"A Chorus Line?" He glances at the cover. "Good choice for the three of you. You have a talent for knowing what fits. You fit well with theater."
"It was Angie's suggestion. She's familiar with it because she was in the show. But she played Diana."
"So what part'll you sing?"
"I'll do Sheila, Angie will do Bebe, and Mandy can sing the Maggie part. It's the best fit for our vocals and harmonies."
Henderson nods. "See? You called it. Trust your instincts."
My instincts are to throw my arms around him and kiss him senseless.
Nope, not gonna trust my instincts.
"Well, I'd better go back out there." I gesture toward the cabaret room.
Henderson looks at me for a beat before nodding. He doesn't move from in front of me, and I don't know how to step around him without being rude.
He clears his throat. "I'm sorry Tabitha. Sorry I bungled this all up."
I close my eyes, not wanting to have this discussion—or any discussion—with him. Having it will only hurt me more.
"Well, you did and you ruined it. You weren't willing to take a chance with me, and you lost out. I'll be okay. This cat always lands on her feet."
I step around him and back out to my friends.

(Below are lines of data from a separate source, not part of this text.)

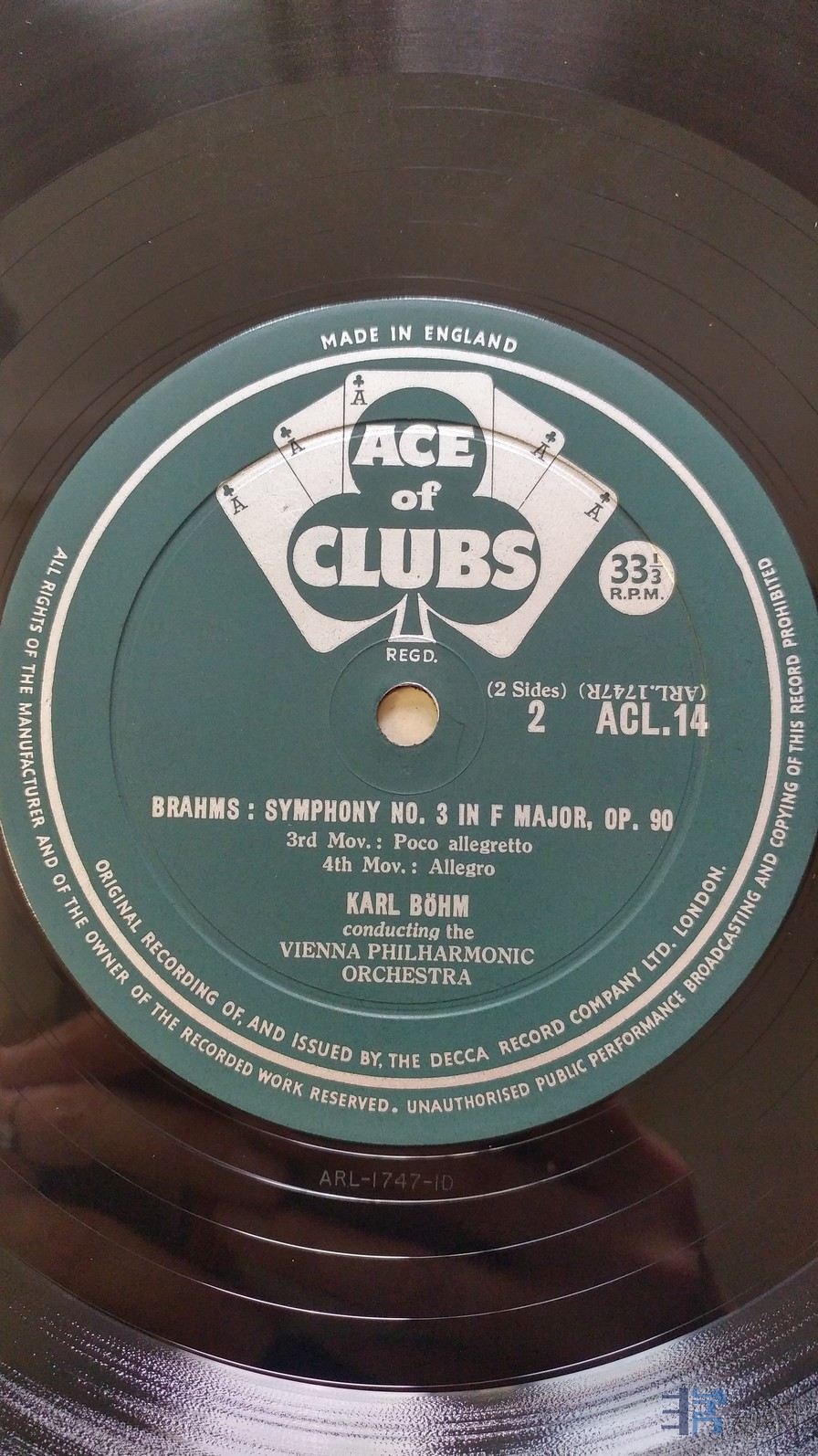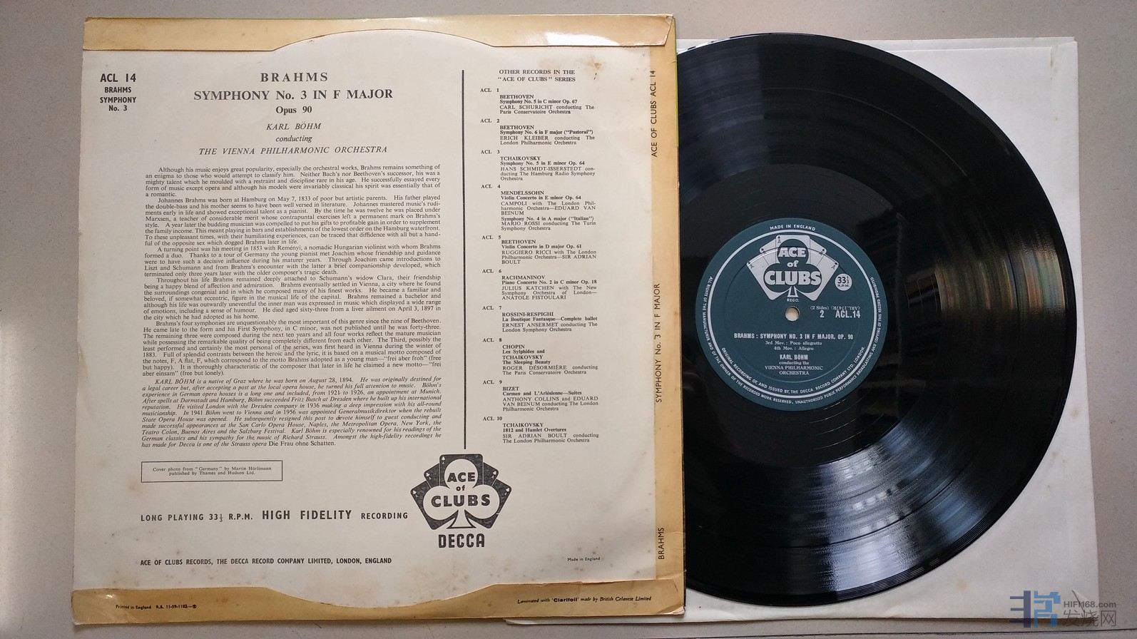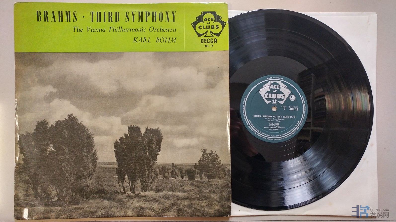 伯姆 指挥维也纳爱乐乐团《勃拉姆斯 第3交响曲》,英国DECCA单声道,ACE of CLUBS厚盘头版,唱片NM-,50元
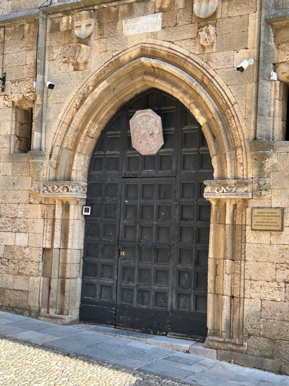 The knights were organized into seven “tongues” based on where they were from: England, Germany, Italy, France, Provence, Auvergne or Aragon. Each tongue had its own “auberge” or “inn” – a communal building that served as residence, meeting place, and dining hall. Walking along the Street of the Knights, you can still see the inscriptions on the walls that indicate which tongue of the knights lived there.
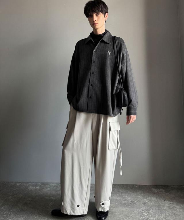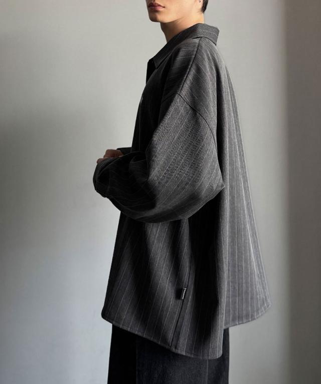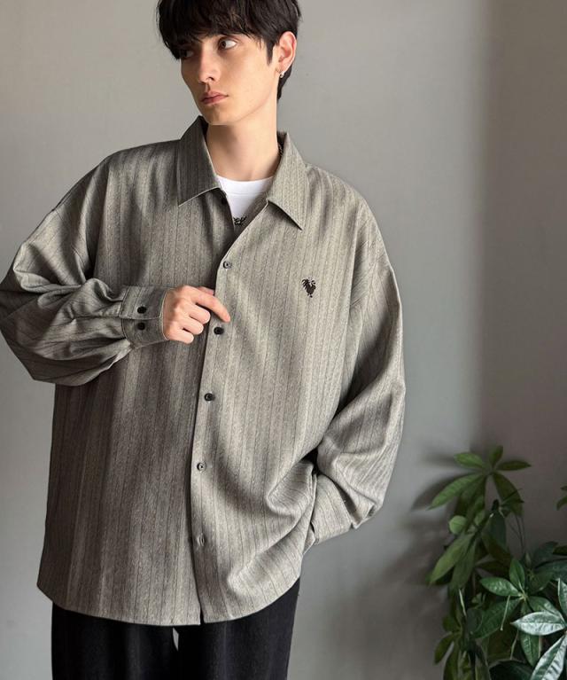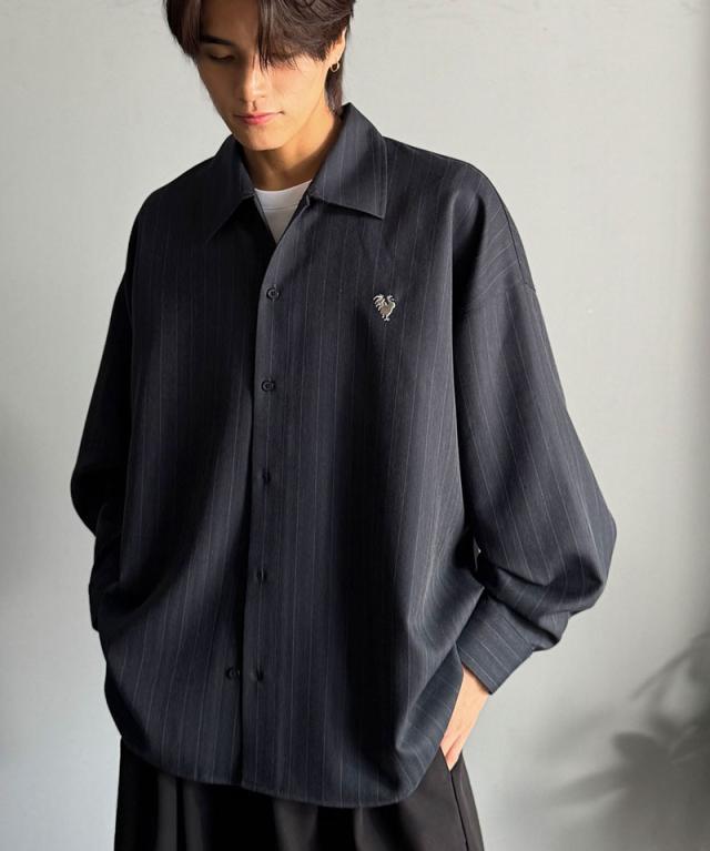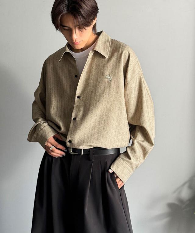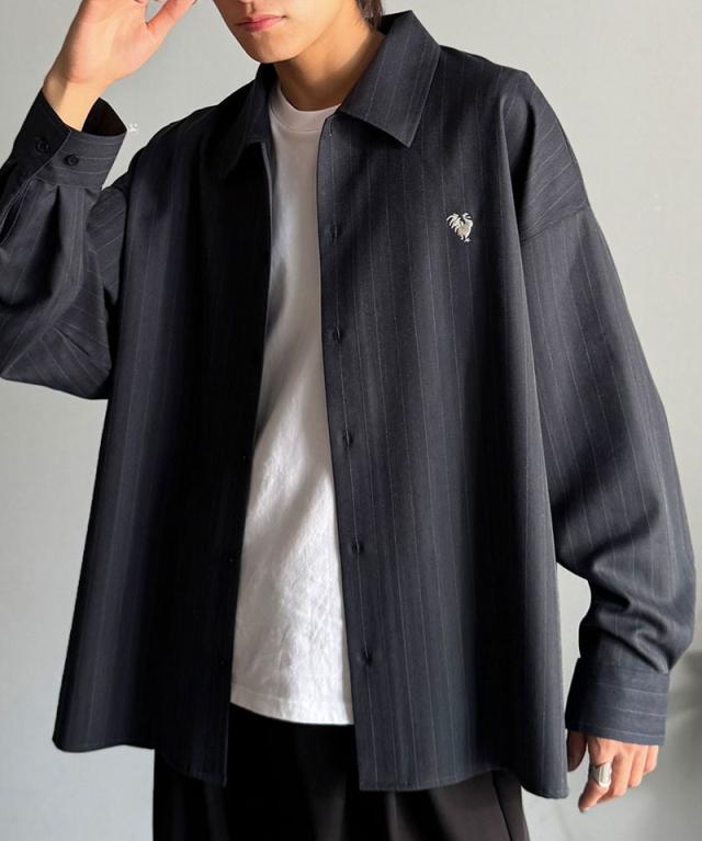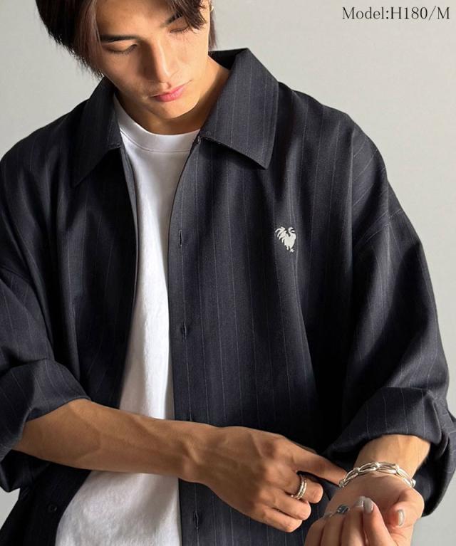 クラシカルエルフ冬新作 Classical Origin メンズ トップス 長袖 シャツ おしゃれ 刺繍入り ストライプ オーバーサイズ 大人 ロングシーズン ゆとり アウター 上品 ツヤ感 モード リラックス レイヤード シャツジャケット 羽織 大きいサイズ 2025aw co1010023
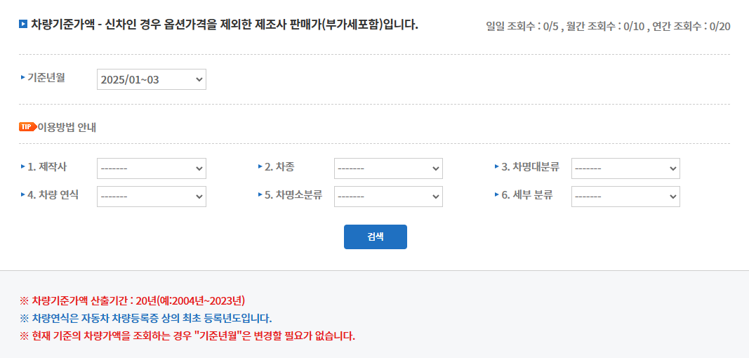 - 제작사, 차종, 연식, 세부 모델을 입력 후 검색

I may talk a good game, but my heart breaks a little more as I walk away. Why do I have to want the one thing in life I can't have?
As soon as I make it back out to Angie and Mandy, though, I feel better. I've got friends and a song to perform.
What else do I need?
We study the music, hunched over our table and not really listening to the other performers. I should be paying more attention, but I'm afraid I'm going to get up there and make a fool of myself.
This isn't like that karaoke night when I was three sheets to the wind.
I could use a drink. Or several.
Josh looks over at us, raising an eyebrow. I wave the book and nod.
"Okay, folks, for our last song of the night, we have a very special act. Our very own Tabby Stetson will be singing, along with her fellow Sassy Cats, Mandy Calhoun and Angie Aliberti. Please give them a warm welcome."
We weave through the crowded tables, waving and shaking hands with people. Once at the microphone I say, "Okay, so we've never practiced this song, together or apart. But chances like this come around once in a lifetime, so we're going to take it. I'm just so thrilled that these lovely ladies are here with me tonight."
I know, even before the crowd is on its feet applauding six minutes later, that I need to be doing this. I need to find a way to balance Paisley and myself. Because this is me.
And I need to honor that.
I spy Henderson in the back, his hands down by his side, watching me closely. He's not one to wear his emotions—other than annoyance—on his sleeve. Since he's not rolling his eyes, I'd say he is not annoyed.
I am, though.
I'm annoyed he let me go. I'm annoyed that he wasn't willing to try—to fight—for what was between us.
Still, at the end of this, I know that I did something for myself. I opened myself up in a way I didn't think possible. Now, I just need to find someone who appreciates me.
Someone who's willing to go out on a limb for me.
I look around this room, so full of love and energy. Damn, I wish that someone was right here at The Edison.